Afrique du Sud: reprise en douceur du secteur minier

L’Afrique du Sud, qui compte 6 783 cas de coronavirus sur son territoire, a commencé à alléger son confinement débuté le 27 mars. Pendant les trois premières semaines de ce confinement, l’industrie minière s’est retrouvée quasiment à l’arrêt, à l’exception des mines de charbon. Puis tout le secteur a pu, en observant des mesures sanitaires strictes, opérer à 50% de ses capacités, condition toujours valable aujourd’hui pour les mines souterraines, alors que les mines à ciel ouvert peuvent reprendre normalement. Une situation qui a eu des conséquences sur l’offre mondiale pour les métaux dont l’Afrique du Sud est premier producteur.

L’Afrique du Sud est le premier producteur au monde de chrome, de manganèse, et contrôle les trois-quarts de la production de platine. Pour ces secteurs, le confinement a donc eu des répercussions sur l’offre mondiale, certaines compagnies, comme Sibanye ou Impala pour le platine, ont même dû appliquer ce que l’on appelle la clause de « force majeure », cela signifie qu’elles n’ont pas à honorer leur contrat à cause de circonstance exceptionnelles, ici une pandémie mondiale.

Et même si les mesures contre le coronavirus sont aujourd’hui allégées, il faut du temps aux mines pour se remettre en route, tout en respectant les limitations sur leurs capacités imposées par le gouvernement sud-africain.
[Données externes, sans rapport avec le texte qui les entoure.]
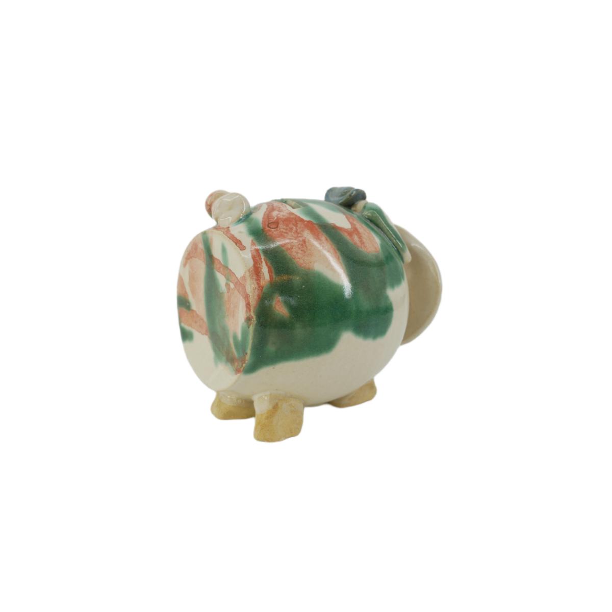Handmade studio art pottery red and green glazed goofy pig with cowboy hat bank. Such a fun, whimscial piece! Excellent condition. Measures L 5.5" x H 5" x W 5". Weighs 1 lb 9 oz. (D29)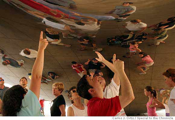 尽管卡普尔将他的作品命名为“云扉”(Cloud Gate),一般的人又称之为“豆”(bean)。它已经上了明信片、运动衫和旅游海报。

De plus, les tribunaux ont donné raison à l’un des principaux syndicats de mineurs qui réclame davantage de mesures d’hygiènes pour les travailleurs.

L’offre de ces métaux s’est donc réduite, même s’il faudra attendre quelques mois pour avoir une idée plus précise de la baisse de la production. La compagnie Merafe par exemple, a enregistré une diminution de plus de 3% de sa production de chrome au premier trimestre, et s’attend à de plus mauvais résultats pour le deuxième trimestre.
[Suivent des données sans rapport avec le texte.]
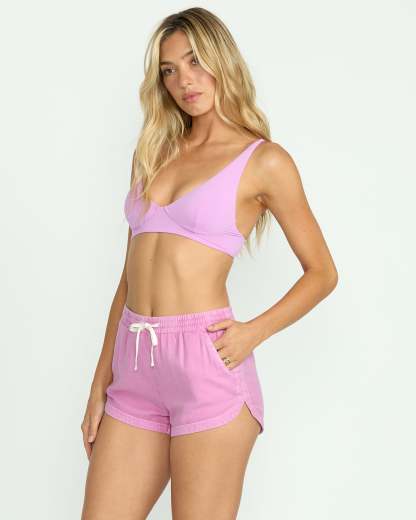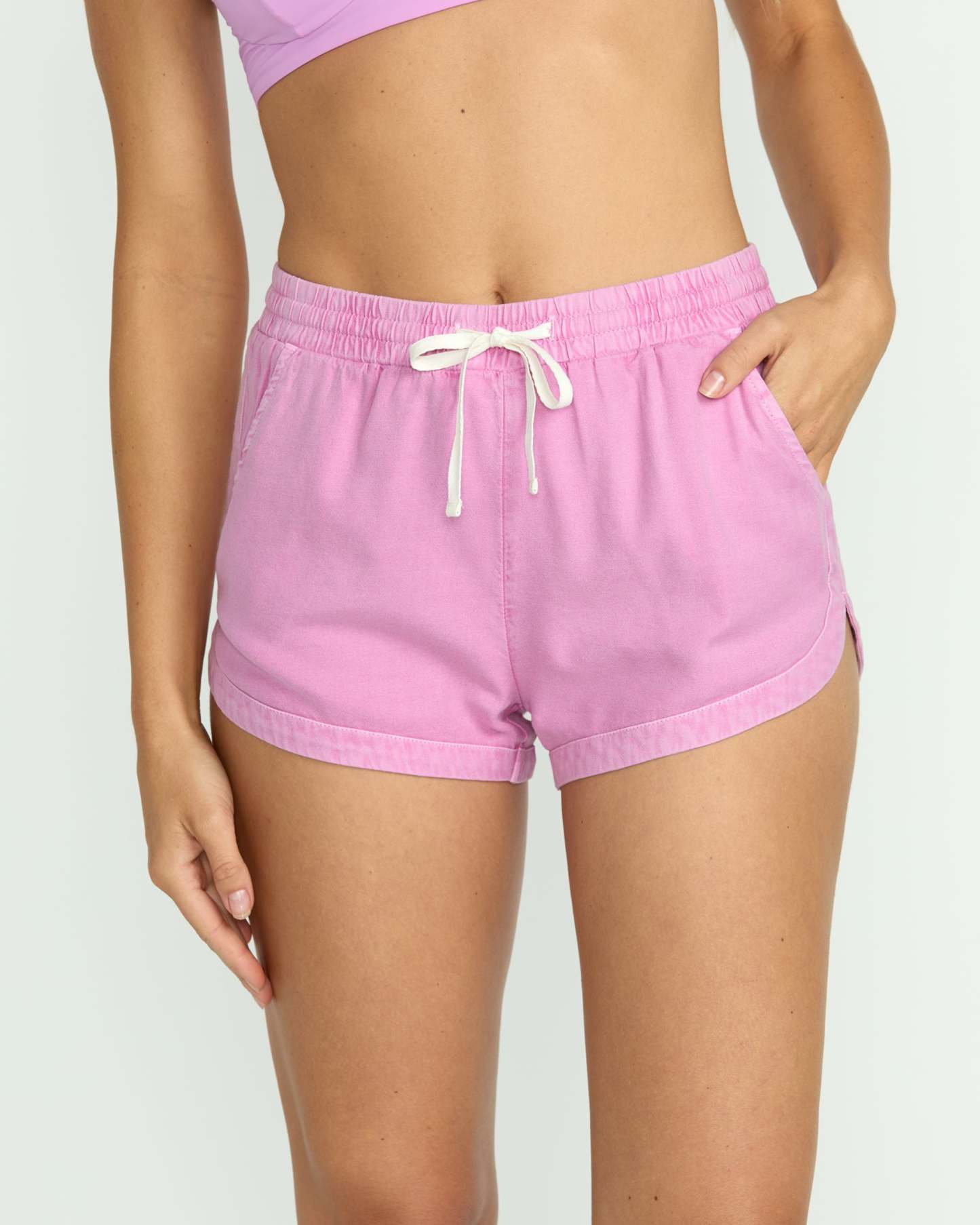 Road Trippin Elastic Waist Shorts - Bright Rose

Pourtant les prix se sont stabilisés, car la demande, en particulier du côté chinois a -elle aussi- été très ralentie par l’épidémie. La crise sévère du secteur automobile a diminué les besoins en platine, utilisé pour réduire les gaz des pots d’échappement des voitures. Même constat du côté d’autres secteurs industriels qui reposent sur la sidérurgie, et l’utilisation de chrome ou de manganèse.

Globalement, les prix de ces minerais produits par l’Afrique du Sud sont en légère progression. L’évolution des cours pourrait permettre de compenser un peu les difficultés du secteur, même si le marché reste encore très incertain.